Systemic Vasculitis Flashcards
What is vasculitis?
Rare disease where there is inflammation of the blood vessels
Pathophysiology of vasculitis?
primary - idiopathic autoimmune process
secondary - drugs, infection or other autoimmune (RA)
- Activation of immune cells infiltrate into vessel wall and leads to direct damage and stimulates vascular smooth muscle cell remodelling
- Vessel wall infiltration, proliferation and damage causes weakening and occlusion of blood vessel
- Leads to ischaemia, infarction and aneurysm
- Results in clinical manifestations
How are vasculitides categorised?
Name 1 large vessel, 1 ANCA associated small vessel, 1 medium vessel and 1 immune complex mediated small vessel vasculitis
They are classified based on the vessel size affected and common features.
Large
- Giant cell arteritis
- Takayasu arteritis
ANCA associate small vessel
- Granulomatosis with polyangitis
- Microscopic polyangitis
- Eosinophilic granulomatosis with polyangitis
Medium vessel
- Kawasaki disease
- Polyarteritis nodosa
Immune complex mediated small vessel
- IgA vasculitis
What is giant cell arteritis?
Peak age of presentation?
What are the 2 clinical presentations of GCA?
Commonest vasculitis
Peak age = 70-80yrs and rare below 50
- Cranial GCA
- Large vessel GCA
Complications of GCA? Biggest complication fear?
- medical emergency
- may cause strokes (1%) if untreated and blindness (20%) if affecting opthalmic artery
- visual outcomes are poor and failure to regain visual fields is common (bilateral simultaneous visual loss)
Clinical features of cranial GCA?
- new localised headache (abrupt and temporal)
- temporal artery thickening which is visible
- visual symptoms (blurring, amaurosis fugax, diplopia, photopsia, visual loss)
- scalp tenderness eg. when brushing hair
- jaw and tongue claudication
Clinical features of large vessel GCA
Polymyalgia
Constitutional symptoms (fever & malaise)
Limb claudication
Features which suggest a serious headache but rule out GCA?
vomiting - not a sign of GCA (raised ICP)
fever (infection)
Investigation for GCA?
Systemic inflammation on bloods
Anaemia of chronic disease
Thrombocytosis
Raised CRP and ESR
Temporal artery ultrasound - must be done quickly
Temporal artery biopsy
PET-CT and axillary US may be used to investigate for extra-cranial disease
Management of GCA
- no delay in corticosteroids - prednisolone
- taper pred over 12 m
- methotrexate can be considered in those with high risk of toxicity
What condition do we need to exclude when we get an elderly patient presenting with new, persistent headache & how do we manage?
GCA - prednisolone.
Pathogenesis of GCA?
- Initial inflammatory event:activation of innate and adaptive immune responses leads to local vessel inflammation and recruitment of macrophages into the vessel wall.
- Vessel wall damage: infiltration of immune cells and release of cytokines leads to damage of the vessel wall.

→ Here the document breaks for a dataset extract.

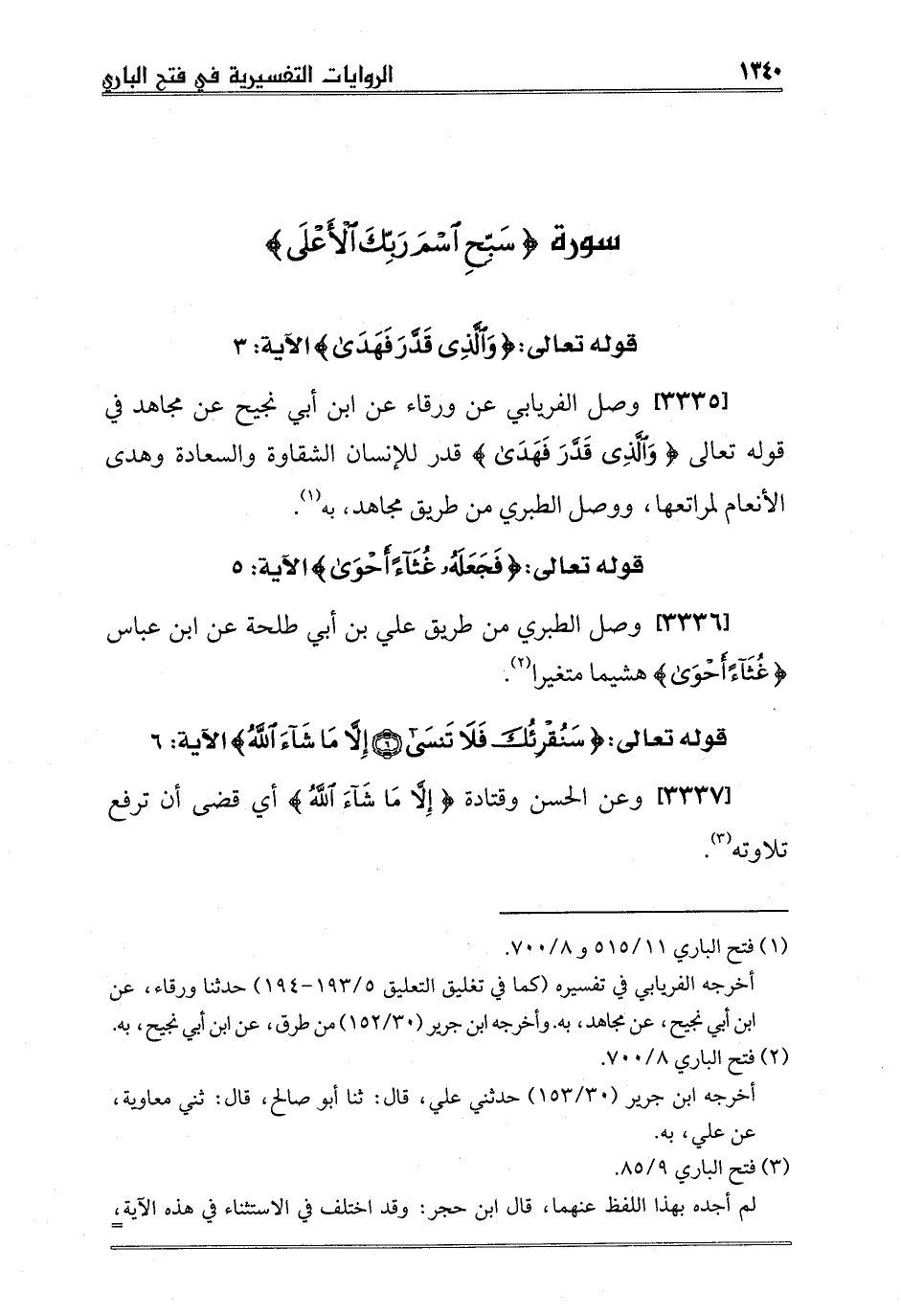 [3335] وصل الفريابي عن ورقاء عن ابن أبي نجيح عن مجاهد في قوله تعالى {وَالَّذِي قَدَّرَ فَهَدَى} قدر للإنسان الشقاوة والسعادة وهدى الأنعام لمراتعها، ووصل الطبري من طريق مجاهد، به1.

In particular, damage to the internal elastic lamina.
- Growth and angiogenic factors:tissue injury leads to release of growth and angiogenic factors that promote new blood vessel formation, proliferation of myofibroblasts and marked thickening of the internal vessel layer (i.e. tunica intima).
- Narrowing and ischaemia:hyperplasia and expansion of the intimal layer leads to vessel narrowing and subsequent ischaemia to the area supplied by the artery. This causes the characteristic features of GCA.